Task directions: Reproduce the data below in full and to the letter, images excepted.

Data segment:

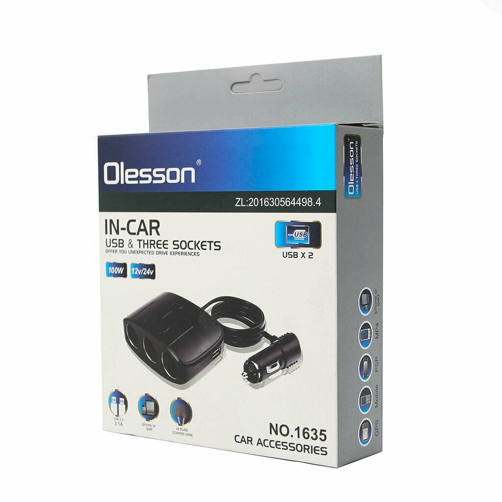 Разветвитель прикуривателя 2USB 3 разъема 12-24V (NO 1635) информация:
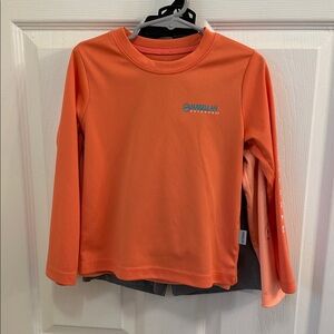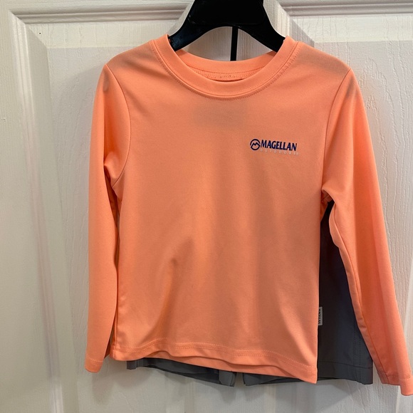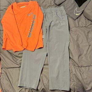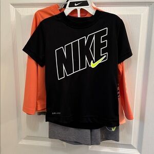 2 Magellan outfits, one with shorts and one with pants. See close up pictures of shirts for actual colors! These are super cute on especially if Dad has matching shirt to wear! The Nike shirt does have something on the front that I noticed, see picture, I am not sure if it will come off or not. Great summer additions!
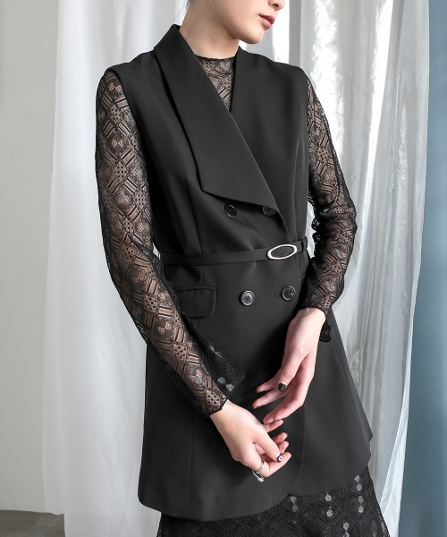 総レースが繊細なワンピースとジレがセットになったモード感のあるワンピースドレスです。ジレ部分のベルトでウエストを自由に調整することが出来ます。ジレにはポケットもついています。袖があるため二の腕をカバーしつつ、お洒落な雰囲気で、幅広い年代の方にご着用いただけます。

Response to this exercise:
 Разветвитель прикуривателя 2USB 3 разъема 12-24V (NO 1635) информация:
 2 Magellan outfits, one with shorts and one with pants. See close up pictures of shirts for actual colors! These are super cute on especially if Dad has matching shirt to wear! The Nike shirt does have something on the front that I noticed, see picture, I am not sure if it will come off or not. Great summer additions!
 総レースが繊細なワンピースとジレがセットになったモード感のあるワンピースドレスです。ジレ部分のベルトでウエストを自由に調整することが出来ます。ジレにはポケットもついています。袖があるため二の腕をカバーしつつ、お洒落な雰囲気で、幅広い年代の方にご着用いただけます。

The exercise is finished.